I started dating Jim, a very nice, semi-bald man, in May. He’s totally bald now. In July he was diagnosed with lung cancer that had metastasized to his spine. Could’ve, maybe should’ve walked away, but it never felt right. I’m no angel of mercy, mind you. We just hang out and I try to do what I can. It’s humbling and takes some time, and it’s very, very sad.

Chemo is a bitch. It’s supposed to kill the cancer cells, but it kills a lot of other stuff in the process. You’ve got that – one of the myriad forms of chemo engineered to thwart one of the myriad forms of cancer – and you’ve got an arsenal of pain medications, and that’s what you’ve got. That and a bunch of tortured loved ones wanting to help and feeling helpless. Jesus have mercy. Cancer is the plague among us, so familiar we haven’t exactly caught on yet.

In the meantime, my grandkids haven’t stopped being sweet and funny and oblivious. Cosette turns four this weekend. She had a birthday party in the backyard last Sunday, and I was persuaded to revive Grandma Judy’s puppet theater for the occasion. The theater fell over before the show began. We propped it up. The production was distinguished by even more mishaps than last year, if that’s possible, mostly because the audience members insisted on helping. We laughed a lot. Cosette is a joy and a blessing.

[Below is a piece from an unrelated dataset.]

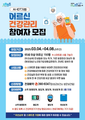 만성질환이 있는 홀몸 어르신과 기존 방문건강관리 대상주민 등을 우선 선발할 예정이다. 노인장기요양등급 판정자, 모바일헬스케어 대상자, 지난해 참여자 등은 신청할 수 없다.

Toddler Bret is starting to take a few steps now. He’s a good-natured baby with zero patience. You put him in his high chair, he knows the food is coming, and still he sets to complaining immediately. Where’s the food? Give me food! Your food, my food, the dog’s food, anything! He likes to walk behind his ride-on toy, pushing it along, happy as a clam, until he runs into an obstacle. Then you’d better fix it and fast. He will not be stopped.

Anyway, I haven’t stopped blogging, but you are likely to see fewer posts further apart for a while. Such is life.